Sailing Stories, Part I

sailing.jpg

 

Sailing Upside Down

I found a book on the bookshelves at home "Learning to Sail" by H.A. Calahan, 1944, by the Macmillan Company {still have}. I read this book in the 10th grade. 


 
LearningToSail.jpg
 

Even though I had a 14-foot rowboat with a 7-1/2 Martin outboard motor, I thought it would be ideal to move on the water by sail instead of buying gasoline. I walked home about one and a half miles from school every day by the Elizabeth City Ship Yard and then past Doctor Bonner's house where I had noticed an unused approximate fourteen-foot long centerboard sailboat with mainmast, in his backyard next to the Pasquotank River. One evening about March 1956 I got up the nerve to knock on his door to ask about the sailboat. We discussed the boat and he said he would sell it to me for about forty dollars. I went home and brought back the money and told him that the next day I would bring my other boat to help me pull it to my house which was further down and next to the river. I was able to get this boat home and up an eight-foot bank and pull it to my parents' garage where I was going to make any necessary repairs and paint. After caulking, painting and other minor repairs, it was ready to go back to the river. Got my friend Warren G. Pierce to help me with getting it from the garage to the bank, down the bank, and into the river. Wanted Warren to help me sail it the next day but he had some sports activity he was going to be engaged in. 

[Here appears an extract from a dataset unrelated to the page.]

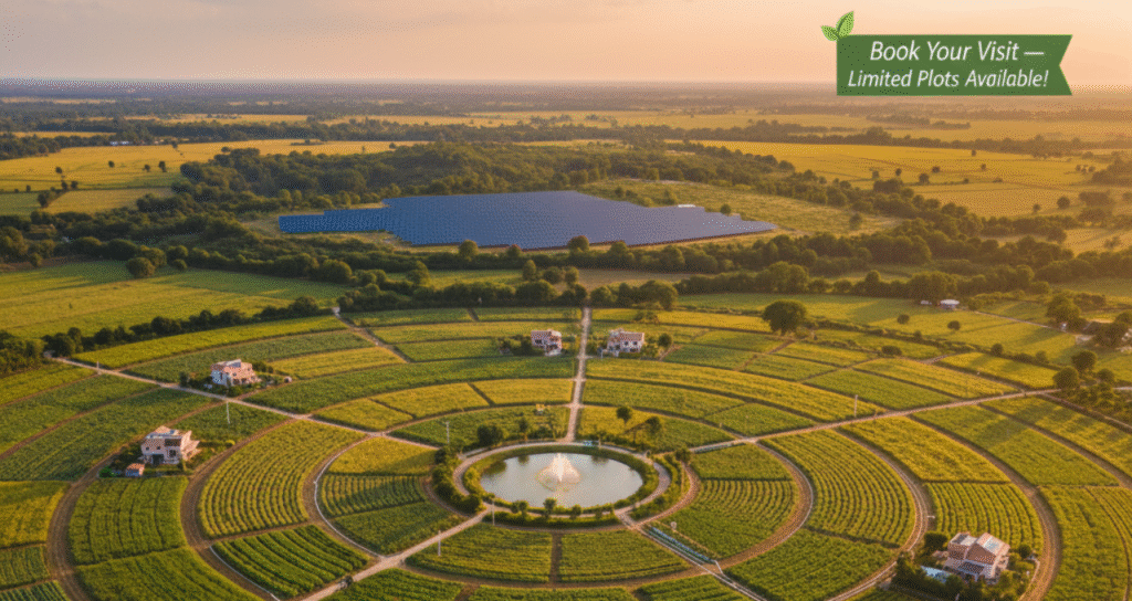 Eco-farmland combines modern sustainability with rural charm. At Dhanveda Farmlands, each plot is designed to preserve groundwater, promote biodiversity, and use organic inputs.

eric-ward-652346-unsplash.jpg

Well, the next day Thursday, May 24, 1956, a Northeast wind was blowing fairly good, so outfitted the boat by myself and proceeded to sail the boat on the river. At some point sailing with the wind, the sail luffed and the wind grabbed the boom and sail and pushed it on the side that I was sitting on. The boat turned over and swamped with water. I managed to upright the boat, however, when I was climbing onto the transom to get into the boat to bail the water, the weight shifted and the boat overturned again. This time the mast got stuck in the bottom of the river and the wind kept driving it further at an angle. I had an inner tube to float on to access the situation and attempt to rectify it. But on shore, Dr. John F. Weeks a neighbor down the street saw what was happening and thought I was in distress and called the U.S. Coast Guard. Next event was that one of their helicopters piloted by Lt. L. S. McNatt was hovering overhead. I floated over to the basket that had been lowered and was raised up into the helicopter. I was interrogated thoroughly by a crew member, finally convincing him that I was by my self and the only individual involved. I showed them the house I lived in, and the pilot landed the helicopter in the cow pasture across the street from my house. I was greeted by the local kids who wanted to know what happened! My boat was recovered by an approximate 35 foot Coast Guard Crash Boat and taken to Air Station Elizabeth City Coast Guard Base several miles downriver. Article front page of the "The Daily Advance" Friday, May 25, 1956. The next day my mother had driven me to the Air Station to sail my boat back home. I outfitted the boat, pushed it back into the water and started sailing home when the exact same wind condition hit and I turned over as before. Got the boat back to shore pulled it up on the bank drained it and left disappointed for home.